One of the most important reasons why people invest is to secure their kids’ future. For those of you with kids, nothing else is more important to you. But, it is important to you that you can maintain your lifestyle – also that your children and your wife can live comfortably. So, what you have are multiple goals. And these goals may seem like they compete with each other. But it doesn’t have to be that way….
Goals-based Investing
There is a new approach to investing that has been developing recently. It is known as goals-based investing. In some ways, it is a combination of the two approaches to risk management that I discussed in my previous article.
So, I discussed two methods. The “margin of safety” approach and the diversification method. With the margin of safety approach, you concentrate your investments in a few investments (maybe even one) that you know well. These will be investments in which you have significant expertise. You will also need a lot of time to manage them.
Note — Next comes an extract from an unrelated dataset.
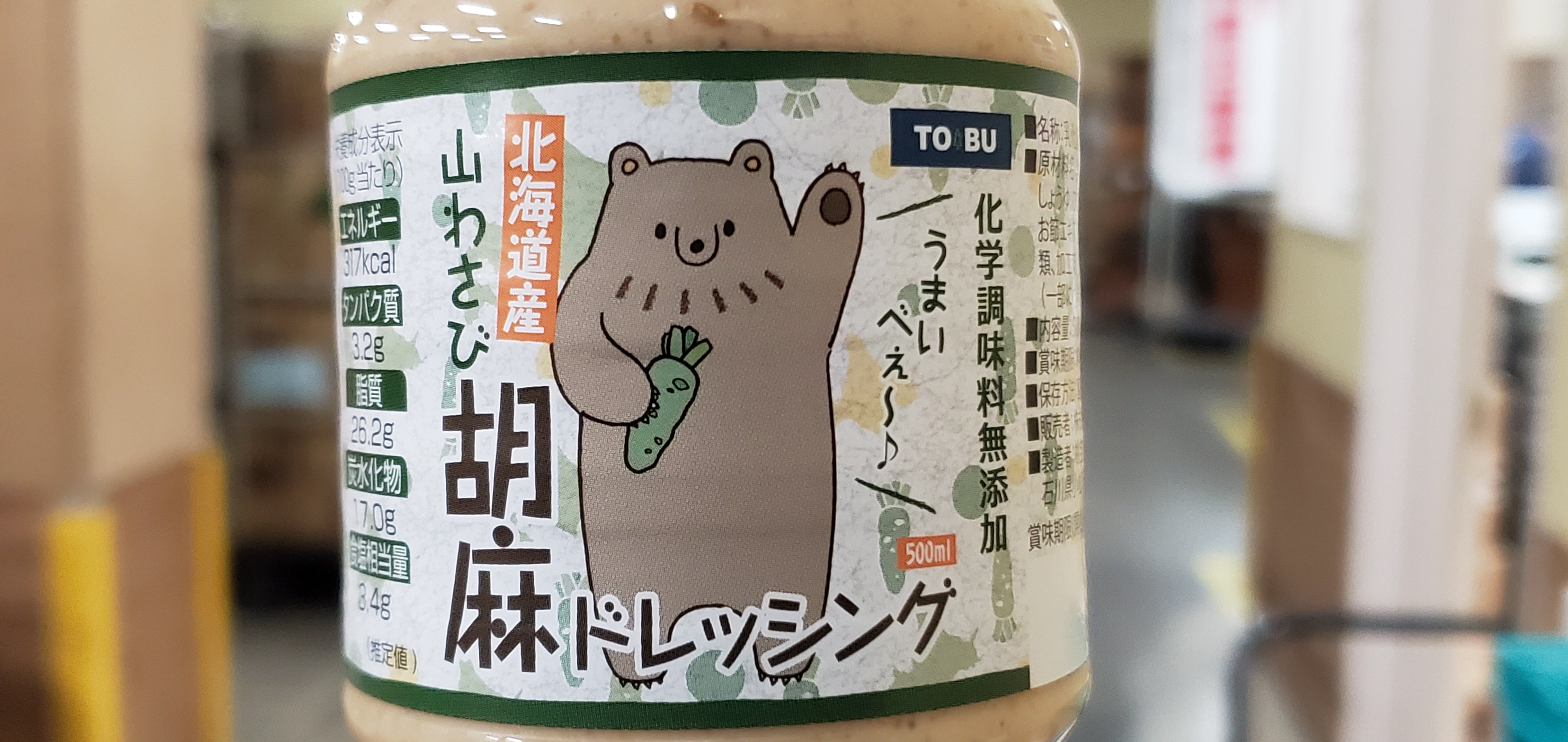 北海道産の山わさびをふんだんに使った胡麻ドレッシングです。ゴマの香りと山わさびの辛さが絶妙で人気があります。お試しになってない方は新しく入荷して販売中なのでぜひこの機会に、サラダやパスタ、揚げ物など料理にアレンジしてみてください。ご利用お待ちしております。(^_-)-☆

The diversification method involves investing in a large portfolio of different assets. You might invest in an index fund (which tracks the S&P 500 for example) and a government bond fund. You might also invest in international stocks and bonds. And you could include cash and gold as well.
Goals-based investing can include both or one of these methods. For example, you might have a diversified portfolio to ensure that you can live comfortably in retirement. But what if that is not enough?
The Aspirational Portfolio
Ashvin B. Chhabra has suggested an answer to this question. We all want to be able to retire comfortably. We would like to ensure we can do this without the risk that we will lose everything in the next economic collapse. But at the same time, we all aspire to be more than just comfortable.
We want our kids to be comfortable. Our wife too. We want to support them meet their goals. And perhaps secretly we aspire to great wealth. Or maybe just more wealth than it takes to be comfortable.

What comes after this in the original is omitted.